The endowment is a collection of about 7,800 pools of money that are invested around the world.[1] The returns on these investments are then either reinvested or disbursed to different parts of the university, with each individual fund carrying certain restrictions regarding how it can be spent. These restrictions come from the individual donors, who unilaterally dictate that their money be used to fund a particular kind of scientific research, renovate a particular campus building, endow a specific professorship, and so on. A small percentage of the endowment’s returns (4.5%) is applied each year to university operations. Over the past five years, U-M’s $8 billion endowment has contributed an average of less than $300 million a year to operating expenses like professors’ salaries.

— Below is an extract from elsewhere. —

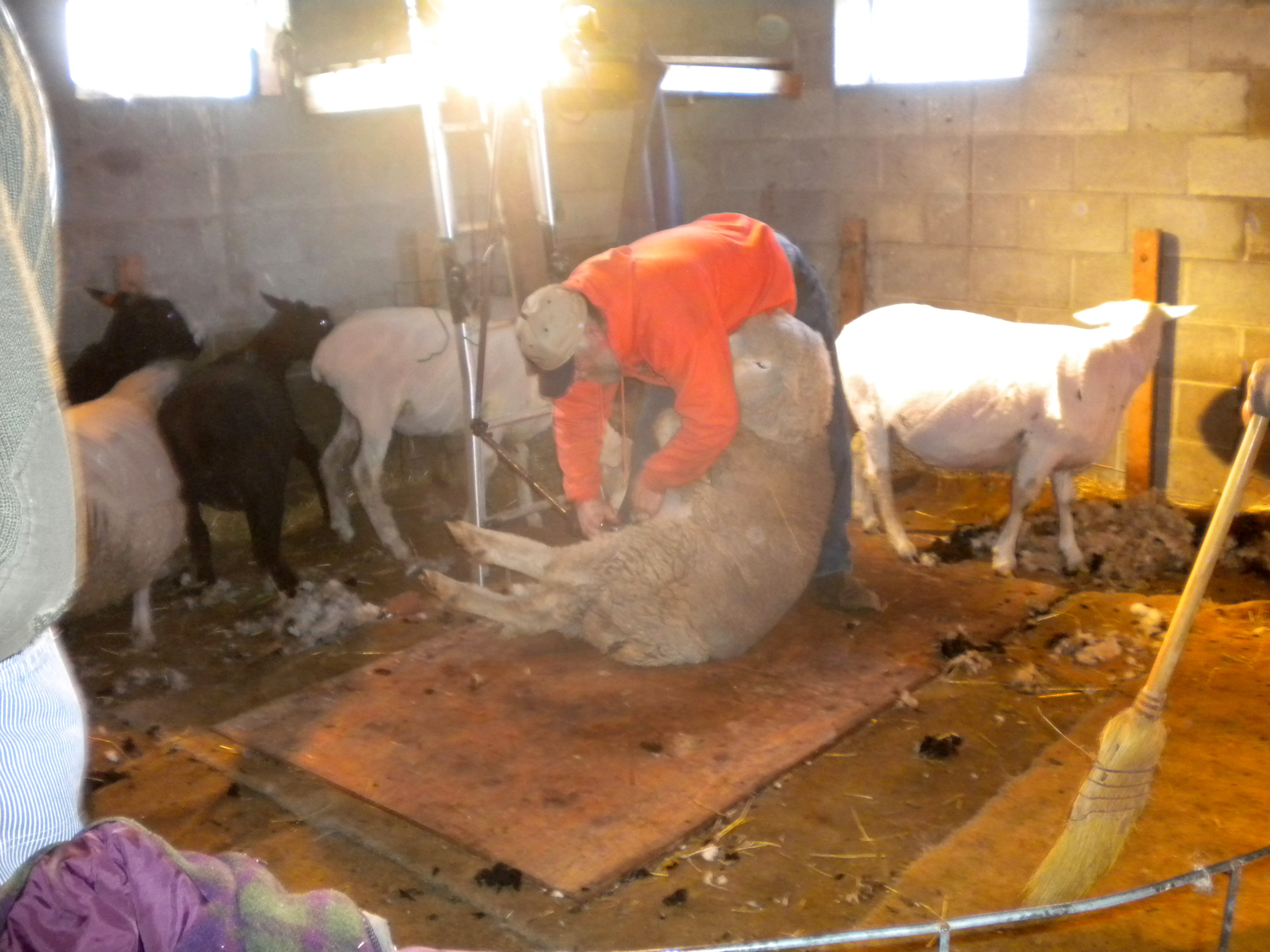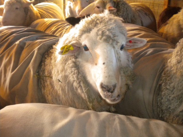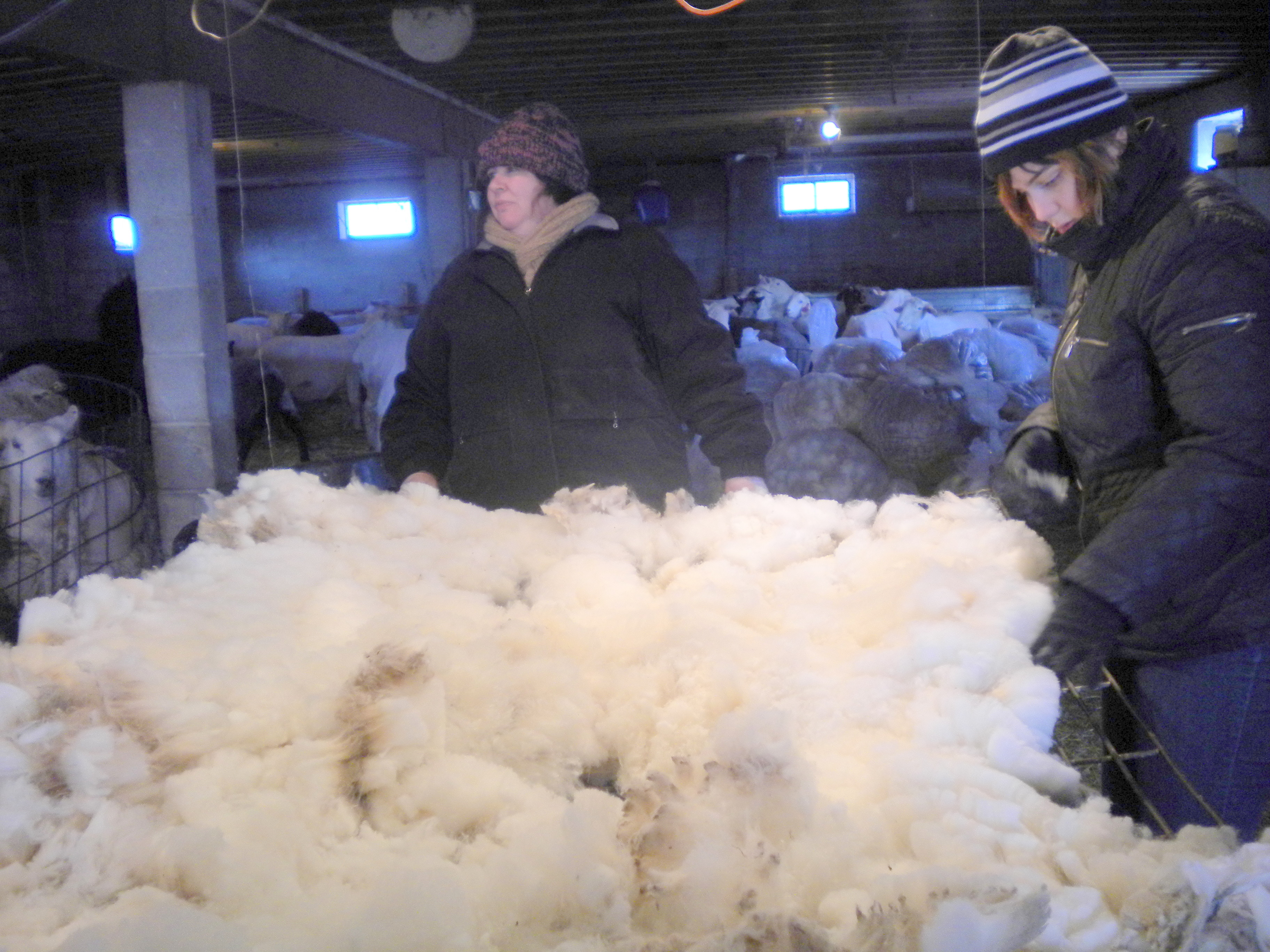 Each shear goes onto the metal skirting table and I stand about with other helpers, picking, picking, learning what to discard, what to celebrate. We pick off the little “second” clumps, the yellow urine stains, the pieces of straw, alfalfa and poop.  I’m introduced to “luster” and “crimp”.

The administration likes to talk up how 20% of this contribution goes toward financial aid, but $60 million is a drop in the bucket when you consider that tuition adds up to over $1 billion a year (and much of that aid is based on “merit” instead of financial need).

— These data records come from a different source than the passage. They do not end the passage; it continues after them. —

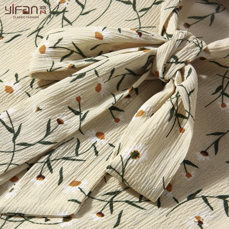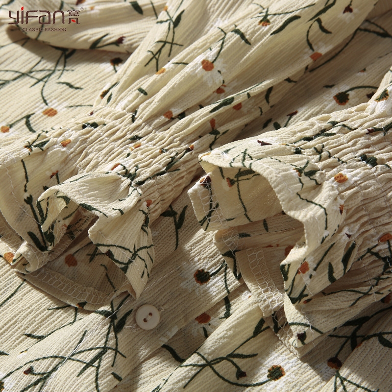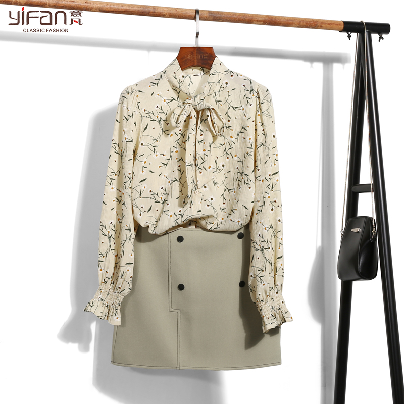 / 韓版春裝新款系帶蝴蝶結碎花雪紡襯衫女喇叭長袖寬松百搭襯衣
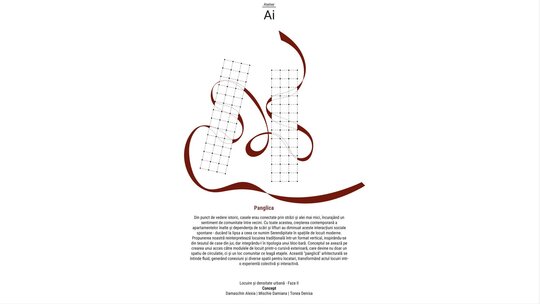 Această panglică nu este doar un coridor de circulație, ci un spațiu comunitar viu, care leagă etajele între ele și creează contexte pentru întâlniri neașteptate. Ea se strecoară printre volume, uneori vizibilă, alteori ascunsă, asemenea unei poteci care se lasă descoperită treptat. Cursiva, elementul central al panglicii, are o formă organică, liberă, care contrastează cu rigurozitatea structurală a blocului. Ea se apropie de curtea comună, apoi se retrage, oferind perspective diferite și surprinzătoare. Prin deschiderile atent plasate, lumina pătrunde pe panglică, iar exteriorul se insinuează în interior. Din punct de vedere simbolic, panglica este expresia vieții comunitare: un fir care leagă oamenii, care creează conexiuni invizibile, care transformă clădirea dintr-o sumă de apartamente într-un organism viu.
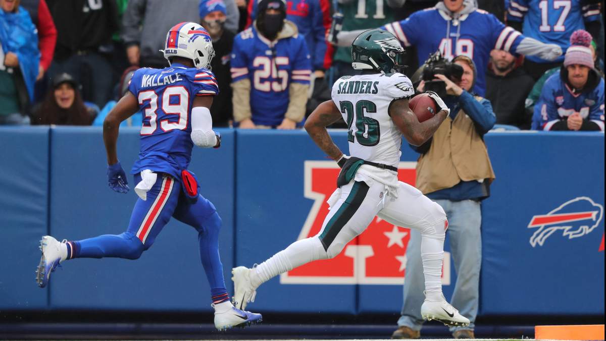 Howard rumbled for 96 yards on 23 carries — 4.17 yards per carry — while Sanders chipped in with another 74 yards, including hitting a home run on a 65-yard touchdown jaunt. Philadelphia finished the day with 218 rushing yards. The only negative was Sanders leaving the game with an injured shoulder.
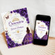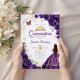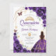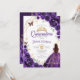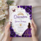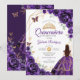 Invitación Quinceanera Purple Floral Vestido Dorado
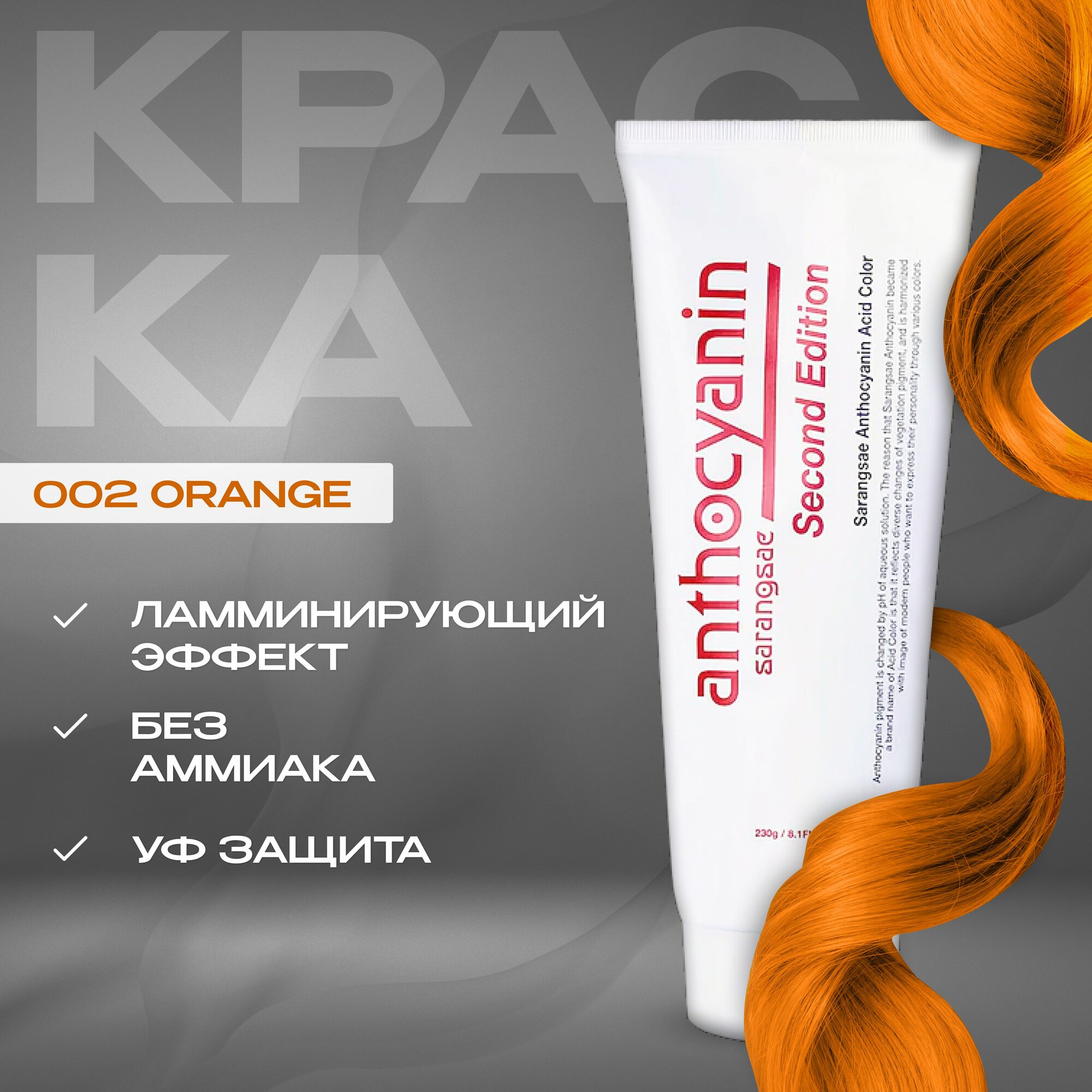 Купить Anthocyanin Оранжевая краска для волос O02 Orange 230 мл профессиональная без аммиака ламинирующая

Building and managing this enormous investment portfolio is very expensive. Currently, there are 550 employees who work on what U-M calls “development activities,” including 175 “development officers” who engage directly with potential donors.[2] On top of that, the investment office has 18 employees who are paid a total of $2.7 million annually to oversee the university’s financial assets (in addition to the fees they pay to external fund managers).[3] Yet another expense comes from setting up regional offices around the U.S. and satellite offices in other countries.[4] All of these major expenditures are part of the rapid growth of administration relative to other areas of the university (such as instruction) over the last four decades. Add to that the cost of fancy events, like the “Victors for Michigan” launch party, which cost upwards of $800,000.[5] Donors don’t just hand over their money, so the university has decided it’s willing to spend hundreds of millions of dollars to encourage them to do so.

divest invest

At the University of Michigan, as at other institutions, funds are invested with regard to optimal profitability (even so, the endowment actually lost money in 2001, 2002, 2009, and 2012). As U-M’s chief investment officer recently declared, “We try to be blind to social factors.”[6] This means that the university, and consequently students, are literally profiting off of risky and unethical investments, including the fossil fuel industry, the occupation of Palestine, and real estate speculation around the world.[7] A look at U-M’s “Report of Investments” shows that the university is invested in everything from Mitt Romney’s Bain Capital to the tar sands of Canada (in total, U-M has over $1 billion in fossil fuels).[8] The constant pressure on investment managers to produce adequate returns pushes money into schemes that many members of the university community would actively oppose if they knew. There is no such thing as the Ivory Tower—the university is inseparable from mass layoffs at home and CO2 emissions around the world.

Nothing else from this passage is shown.